In questa situazione di incertezza generale l’Italia sembra destinata a non fare notizia. Non si parla più, per fortuna, del rischio di uscita dall’euro. Anche la polemica con Bruxelles sembra tornata su binari più tradizionali. E’ così? 

“E’ così, e speriamo che duri un atteggiamento più costruttivo. L’Italia ha gravi problemi, ma se guarda oltre la porta di casa, si può dire lo stesso di altri Paesi. L’Italia continua a soffrire della tradizionale vulnerabilità del sistema istituzionale. Ma è un handicap con cui siano abituati a convivere da sempre. Entro certi limiti abbiamo sviluppati anticorpi che ci permettono di reagire meglio degli altri nonostante la corsa in salita. Resto sempre meravigliato quando scorro la lista delle pubblicazioni scientifiche. Nonostante risorse inferiori agli altri e non pochi scompensi per lo più provocati dalla burocrazia, l’Italia resta nella top ten delle pubblicazioni scientifiche”.

Ma l’economia segna il passo… 

“Le nostre imprese, a giudicare dai risultati, stanno affrontando un cambiamento dei paradigmi della crescita meglio di altri. Saremo in grado, ad esempio, di sfruttare al meglio la rivoluzione verde che Ursula Von der Leyen intende promuovere a livello europeo”.  

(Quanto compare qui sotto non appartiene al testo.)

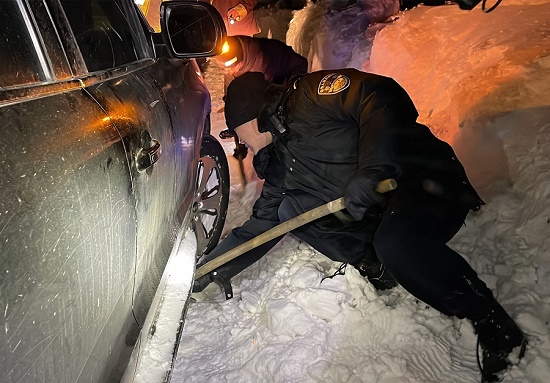 在到達(dá)現(xiàn)場后,救援民警立即為早已凍得瑟瑟發(fā)抖的被困人員送上了熱水和防寒大衣,并安撫了被困人員情緒。在勘察了現(xiàn)場的情況后,救援民警一邊用鐵鍬和雙手迅速清理車輛底盤的厚冰,一邊用牽引繩嘗試將被困車輛進(jìn)行拉出,因積雪太厚嘗試多次未能成功,隨后,協(xié)調(diào)到朗縣養(yǎng)護(hù)段一輛推土機(jī),經(jīng)過一個小時(shí)救援,被困車輛成功被拖出。被困人員救出來后,為了確保車輛人員的絕對安全,金東邊境派出所救援民警全力護(hù)送被困人員于晚上11點(diǎn)45分安全抵達(dá)單位營區(qū),救援工作取得圓滿成功。

Insomma, vaccinati dalle difficoltà, siamo più adatti di altri a fronteggiare il cambiamento.

“Luca De Meo, chiamato da Renault ad affrontare una situazione complicata per mille ragioni, è un esempio classico le virù che gli altri ci invidiano”. 

Dopo anni di frustrazioni e paure, professore, sento di nuovo una nota di ottimismo. E’ così? 

“Sì, al netto della capacità di farci del male e dei cigni neri, possiamo dirci ottimisti”.